There are all kinds of reasons people may be unable to go and get their diagnosis verified by a professional, and most of these are tied up in issues of privilege. If you have never had to worry that a doctor or psychologist will be prejudiced against you, then you have privilege.

3. It can help with symptom management whether you have the “real” disorder or not.

At one point when my depression was particularly bad I noticed that I had some symptoms that were very typical of borderline personality disorder. For instance, I had a huge fear that people would abandon me and I would bounce back and forth between glorifying and demonizing certain people. If someone made the slightest criticism of me or wasn’t available enough for me, I would decide that they hate me and don’t care if I live or die. I had wild mood swings. That sort of thing. It’s not that I thought I actually had BPD; rather, I noticed that I had some of its symptoms and wondered if perhaps certain techniques that help people with BPD might also help me.

Luckily, at this time I was still seeing a therapist. So in my next session, I decided to mention this observation that I had made, and the conversation went like this:

Me: I’ve noticed that I have some BPD-like symptoms.
Her: Oh, you don’t have BPD.
Me: Right, but I seem to have some of its symptoms–
Her: No, trust me, I’ve worked with people with BPD and you do NOT have BPD.

I suppose I could’ve persevered with this line of thinking, but instead I felt shut down and put in my place. I dropped the subject.

So determined was this therapist to make sure that I know which mental illness(es) I do and do not have that she missed out on what could’ve been a really useful discussion. What she could’ve done instead was ask, “What makes you say that?” and allow me to discuss the symptoms I’d noticed, whether or not they are indicative of BPD or anything else other than I am having severe problems relating to people and dealing with normal life circumstances.

The point is that sometimes it’s useful to talk about mental illness not in terms of diagnoses but in terms of symptoms. What triggers these symptoms? Which techniques help alleviate them?

So if a person looks up a mental disorder online and thinks, “Huh, this sounds a lot like me,” that realization can help them find ways to manage their symptoms whether or not those symptoms actually qualify as that mental disorder.

This is especially true because the diagnostic cut-offs for many mental illnesses are rather random. For instance, in order to have clinical depression, you must have been experiencing your symptoms for at least two weeks. What if it’s been a week and a half? In order to have anorexia nervosa, you must be at 85% or less of your expected body weight*. What if you haven’t reached that point yet? What if you don’t have the mood symptoms of depression, but you exhibit the cognitive distortions associated with it? Acknowledging that you may have one of these disorders, even if you don’t (yet) fit the full criteria, can help you find out how to manage the symptoms that you do have.

4. It helps them find solidarity with others who suffer from that mental illness.

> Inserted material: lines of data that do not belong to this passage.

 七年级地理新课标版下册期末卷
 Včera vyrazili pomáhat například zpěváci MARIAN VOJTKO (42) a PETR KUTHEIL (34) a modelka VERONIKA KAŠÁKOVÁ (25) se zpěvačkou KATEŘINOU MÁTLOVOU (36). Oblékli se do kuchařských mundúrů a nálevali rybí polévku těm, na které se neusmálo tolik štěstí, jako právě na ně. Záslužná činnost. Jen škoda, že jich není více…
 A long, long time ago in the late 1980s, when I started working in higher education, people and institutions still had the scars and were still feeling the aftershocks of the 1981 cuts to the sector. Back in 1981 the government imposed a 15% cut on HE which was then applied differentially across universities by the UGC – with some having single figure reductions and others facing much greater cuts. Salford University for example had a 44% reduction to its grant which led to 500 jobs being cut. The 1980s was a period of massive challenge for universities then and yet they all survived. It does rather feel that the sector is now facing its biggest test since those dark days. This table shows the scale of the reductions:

I understand why some people with diagnosed mental illnesses feel contempt toward those who self-diagnose. But I don’t believe that sympathy and solidarity are finite resources. If someone is struggling enough that they’re looking up diagnostic criteria, they deserve support from others who have been down that path, even if their problems might not be “as bad” as the ones other people have and/or have not yet been validated by a professional.

Acknowledging that you may have depression (or any other mental illness) can help you find others who have experienced various shades of the same thing and feel like you’re not alone.

My take on self-diagnosis comes from a perspective of harm reduction. The idea is that strategies that help people feel better and prevent themselves from getting worse are something we should support, even if these strategies are not “correct” or “legitimate” and do not take place within the context of established, professional mental healthcare.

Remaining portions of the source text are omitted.